Shōhei Doi: Craftsmanship, and the Production and Distribution of Pottery for Mortuary Rituals

This paper examines the production system of pottery specially prepared for mortuary rituals during the Kofun Period by identifying craftsmen that made individual pieces. The approach allows us to consider the possibility that an individual craftsman worked on more than one tomb mound, or that pottery was transferred from one mound to another.

Analyses of the craftsmanship of haniwa ceramic cylinders and figurines, and of pottery generally, are an important aspect of Kofun-period archaeology because the results contribute to our understanding of trade networks and spheres of influence of high-ranking elites. And while analyses of the middle and late Kofun Period (400 A.D. and after) have been done, research into craftsmanship during the early Kofun Period (250-400 A.D.) is insufficient, since material cultures at that time were regionally different. To overcome this problem, I have analyzed pottery specially prepared for mortuary rituals that has been excavated in Gunma Prefecture. For the analysis I have chosen storage jars, because the morphologies are standardized and consequently it is not difficult to observe minute differences in the production sequences and techniques. Besides production sequences and techniques, I have looked into traces of tools used for finishing the surface of the pottery. On this basis, I have discovered that the same production techniques and tools were used for pottery at Tomb No. 2 at the Higashihara B site in Maebashi City and at Tomb SZ42 at the Shimogō site in Tamamura Town. These two places are more than 10 kilometers apart, suggesting that the craftsmen moved from the Higashihara-B site to the Shimogō site. My findings are important because while previous research has shown that groups in the western Gunma region were involved in the construction of the Tomb SZ42 at the Shimogō site, my work suggests that craftsmen from the eastern Gunma region contributed to constructing the tomb, and that a few different groups cooperated in building the tomb.

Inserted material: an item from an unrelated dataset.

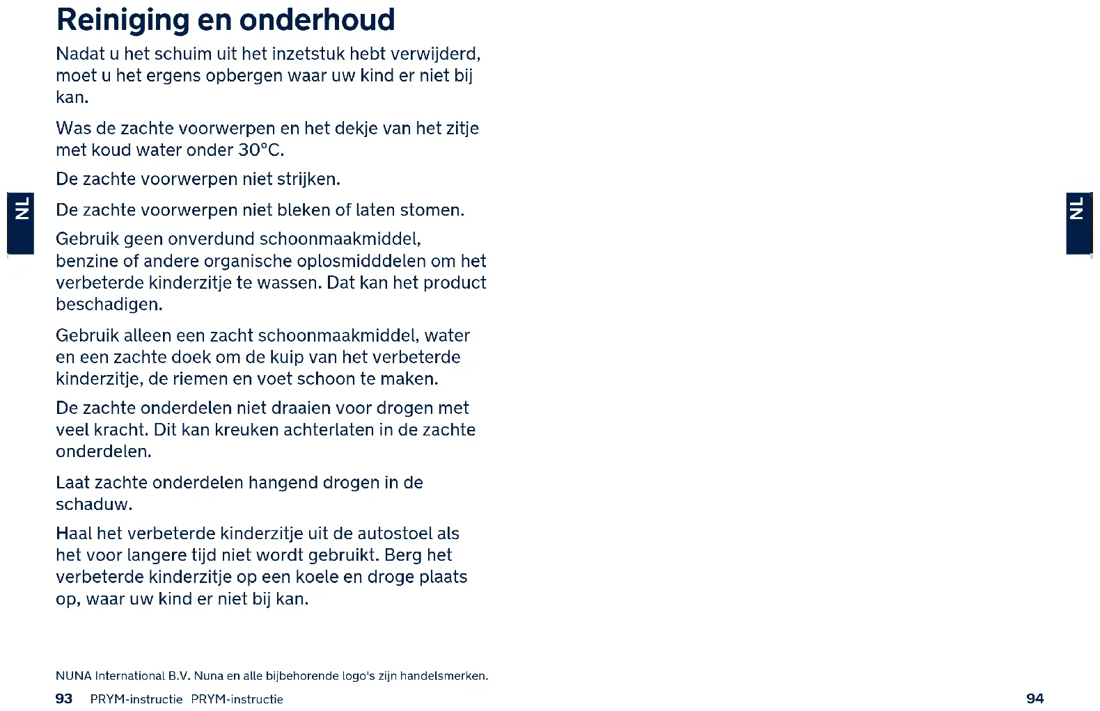 Pulizia e manutenzione Dopo aver rimosso il fermo dall'inserto, conservarlo lontano dalla portata dei bambini. Lavare l'imbottitura e la fodera con acqua fredda sotto i 30°C. Non stirare il rivestimento imbottito. Non candeggiare e non lavare a secco il rivestimento imbottito. Non usare un detergente non diluito, benzina o altri solventi organici per lavare il sistema di ritenuta per bambini migliorato. Potrebbe danneggiare il prodotto. Utilizzare solo un detergente neutro, acqua e un panno morbido per pulire la scocca e le bretelle del sistema di ritenuta per bambini migliorato. Non attorcigliare il rivestimento imbottito per asciugare con grande forza. Si potrebbero lasciare grinze sul rivestimento imbottito. Appendere il rivestimento imbottito all'ombra per asciugare. Rimuovere il sistema di ritenuta per bambini migliorato dal sedile del veicolo se non viene usato per un lungo periodo di tempo. Sistemare il sistema di ritenuta per bambini migliorato in un luogo fresco e asciutto e inaccessibile al bambino. NUNA International B.V. Nuna e tutti i logo associati sono marchi di fabbrica.120119 Instrucciones del PRYM Instrucciones del PRYM

本研究の目的は遺構出土の土器類にみられる製作工程、製作技法、製作痕跡の分析から同一製作者の製品を想定すること(=同工品分析)によって、遺跡間、特に墳墓間の土器または製作者の移動を分析し、古墳時代の葬送儀礼に関わる供献土器の製作体制を解明することにある。従来、墳墓における埴輪や供献土器類の生産体制の分析は被葬者の影響力や交易範囲を示すため古墳時代の研究の中で重要視されている。しかし、全国的に規格化された前方後円墳の造営が始まる古墳時代中期(A.D.400~)の分析が中心であり、各地域の多様性が残る古墳時代前期(A.D.250~)の生産体制の解明は分析方法・分析事例を含め未だ不十分であると言える。 本発表では、群馬県域内の墳墓出土の供献土器に対して上記の同工品分析を行った。対象資料としては供献土器の中でも規格性を備え、製作工程・製作技術に差異が認められやすい壺形土器類に着目し、①製作工程、②製作技術、③工具痕跡のマッチングを行った。分析の結果、前橋市東原B遺跡2号方形周溝墓出土資料と高崎市玉村町下郷遺跡SZ42出土資料において製作技術、工具痕跡が一致した。この結果から、東原B遺跡第2号方形周溝墓から下郷遺跡SZ42への段階的な造営に際して、直線距離約10㎞以上離れた地点間で製作工人集団または工具の移動が想定された。従来群馬県西部地域の集団とつながりが深いと考えられていた下郷遺跡SZ42の造営に関して、群馬県東部地域からの工人の移動が新たに認められたことで、墳墓の造営に際して複数地域の集団の協力があった可能性を示唆できた。